Our final story is from Mexico, where analysis of 3,000-year-old pottery shards from the ancient Olmec capital of San Lorenzo may contradict the belief among researchers that the Olmec civilization was the "mother culture" that laid the basis for the Maya and other civilizations of Meso- America. The Olmec, who lived between 1300 and 400 B.C. in the east Mexico lowlands, are often regarded as the mother culture of later Middle American civilizations. In a paper published in Science magazine this year, chemist Michael D. Glascock of the University of Missouri used a technique called neutron activation analysis to monitor the elemental composition of pottery shards from San Lorenzo and other sites in the region. Glascock concluded that all of the shards were produced at San Lorenzo. He and colleagues concluded that the containers were shipped to other cities, spreading culture in the process.
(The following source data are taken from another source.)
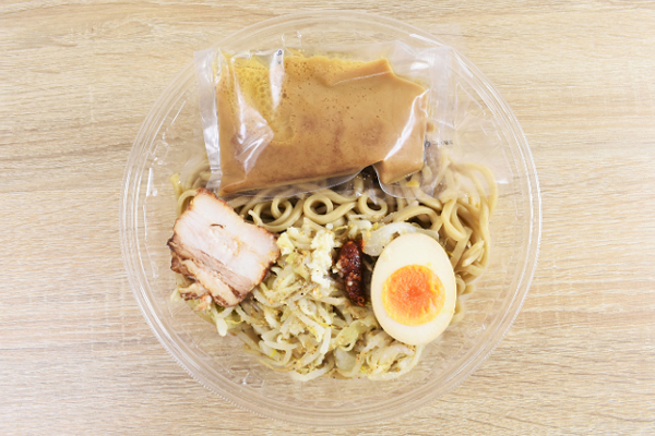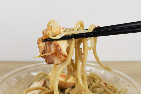 面白いネーミングの同商品は、“ガッツリ”とにんにくを使ったパンチのある冷やしラーメン。パッケージをチェックしてみると、「ニンニク入り豚骨白湯魚介スープ」や「もやしキャベツ 煮干し粉掛け」などの材料名が記載されていました。中でも、気になったのは「ワシワシ食べる 全粒粉入り太麺」という記述。それでは、実際に“ワシワシ食べる”を体験してみたいと思います。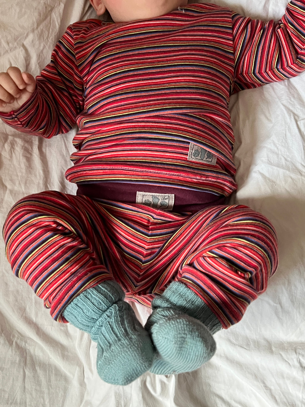 Det blødeste sæt lavet i 100% bomuld. Bukserne har har et bredt stykke i livet og trykknapper ved halsen som gør det behagelig for baby og barnet at have på. Perfekt hele året rundt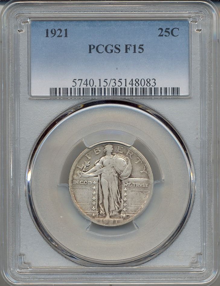 One 1921 Standing Liberty Quarter Coin PCGS F15.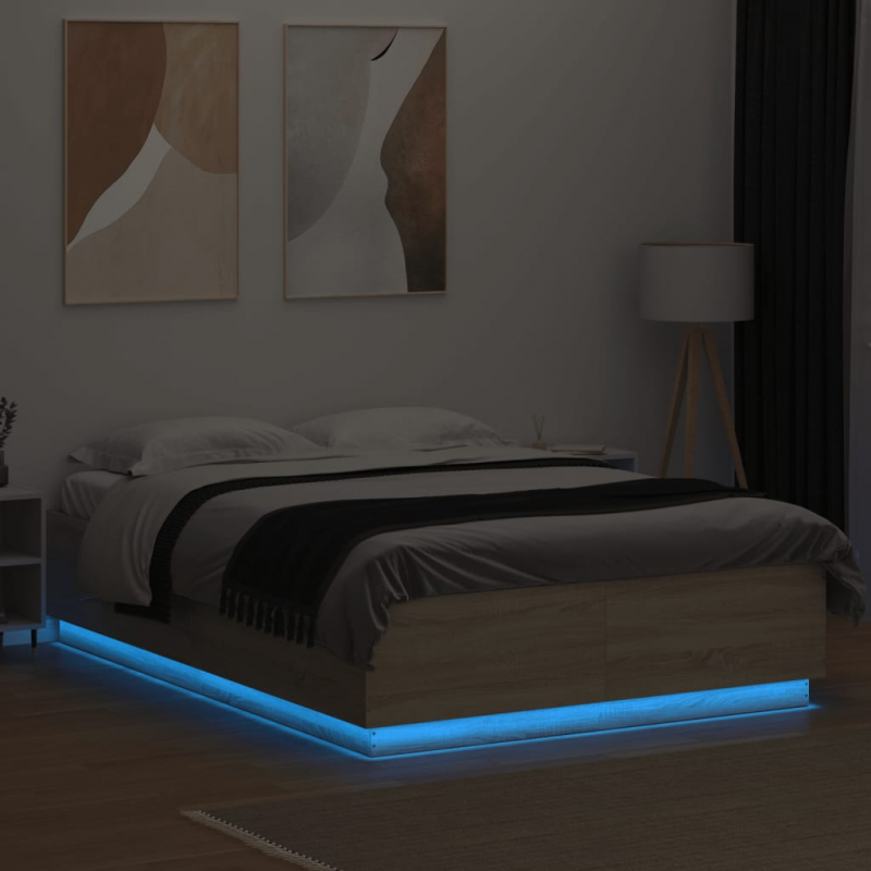 Bettgestell mit LED Sonoma-Eiche 160x200 cm Holzwerkstoff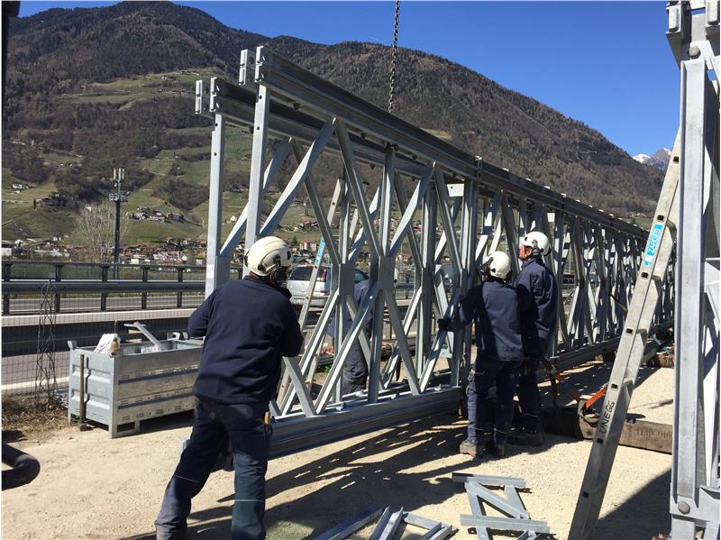Um die Arbeiten auszuführen, wurde mit der Abteilung Straßendienst eine provisorische Brücke mit einer Spannweite von über 40 Metern auf Höhe der Obstgenossenschaft Cafa in Untermais errichtet, sodass die direkte Zufahrt von der MeBo zur Baustelle gewährleistet ist.

In the new studies, geologist James B. Stoltman of the University of Wisconsin used a technique called petrography to study a similar set of shards. Stoltman says new evidence indicates that the Olmec imported pottery from other nearby cultures. Stoltman studied thin slices of the shards to determine what minerals were used in production. The minerals, usually from crushed local rock, were added to the pottery clay to provide plasticity and to help pots survive shrinking and drying. Stoltman concluded that the shards were produced at a variety of sites. Some, for example, contained sedimentary rock, such as limestone and sandstone, which underlies San Lorenzo. Others contained volcanic rock, such as that found at Oaxaca. Stoltman identified seven types of materials in the shards, suggesting a similar number of production sites. The Olmec people, who called themselves Xi (pronounced "shee"), were among the earliest urban cultures in the Americas, emerging around 1200 BC. Their capital was what is now San Lorenzo, near Veracruz on the Gulf Coast of Mexico. There they built massive pyramids and plazas with ceremonial buildings and elite residences. Among their chief legacies are massive stone heads carved in the image of their rulers. For archeologists, pottery is a key factor in reaching conclusions. Where pottery was manufactured, who made it, the markings carried on it and how it traveled provide crucial clues to cultural influence.
That wraps up the news for this week!